B. Symptoms of Secondary Uremic (Extrarenal) An abundance of extrarenal systemic symptoms arise as a result of abnormalities in fluid, electrolytes, and acid-base. Among them are:
1. Anemia Reduced erythropoiesis and anemia are caused by the sick kidneys’ diminished erythropoietin production. Moreover, anemia may be made worse by gastrointestinal bleeding.
2. The skin The skin appears pale yellow because of the pigments found in urine, such as urochromes. Sweat and blood plasma have higher urea contents. Urea is left on the face as a powdery substance known as “uremic frost” as perspiration evaporates.
3. Heart and Circulatory System Secondary effects of fluid retention include elevated cardiac workload from blood volume overflow and, in the end, congestive heart failure.
4. The respiratory system Pulmonary congestion and pulmonary edema are caused by backpressure resulting from blood volume overflow and cardiac failure. On a chest x-ray, uremic pneumonia is radiologically seen as having a central butterfly pattern of congestion and edema.
5. The digestive system’s azotemia directly causes mucosal ulcers in the stomach and intestines.
Further bleeding could make anemia already present worse. Diarrhea, vomiting, and nausea can all be brought on by gastrointestinal inflammation.
6. The Skeletal Structure Renal osteodystrophy is the term for renal failure’s skeletal symptoms.

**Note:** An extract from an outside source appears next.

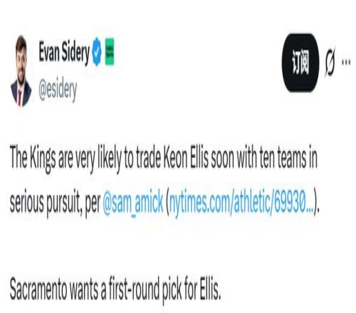 盡管埃利斯擁有備受青睞的“3D”屬性,國王隊主帥克里斯蒂卻在過去兩場比賽中棄用了他。消息人士稱,國王隊希望通過這筆交易得到一個首輪末段的選秀簽

Symptoms of Chronic Renal Failure :-

Chronic Renal Failure symptoms can develop gradually and may not become noticeable until considerable renal damage has taken place. Common indications and symptoms consist of There could be any of the following signs:
• Exhaustion and weakness; 
• Swelling (edema) in the feet, ankles, or around the eyes; 
Changed patterns of urination (more, less, darker urine);
• Dyspnea, particularly in cases where there is fluid in the lungs; 
• Persistent itching; 
• Nausea and vomiting; 
• Cramping in the legs; 
• Appetite reduction and unintentional weight loss 
• Lack of focus or perplexity
The following symptoms could appear when the condition worsens and causes complications: anemia, cardiovascular disease, bone disease, electrolyte imbalances, and anemia.

Conclusion :-

Chronic Renal Failure- In order to avoid problems and enhance quality of life, chronic kidney failure is a progressive, potentially fatal condition that needs to be identified early and treated effectively. Ongoing monitoring is also necessary. Patients can effectively treat chronic kidney failure and take proactive measures to safeguard their kidney health by being aware of the causes, symptoms, and available treatments. Patients with this chronic illness may get markedly better results with breakthroughs in medicine and a multidisciplinary approach.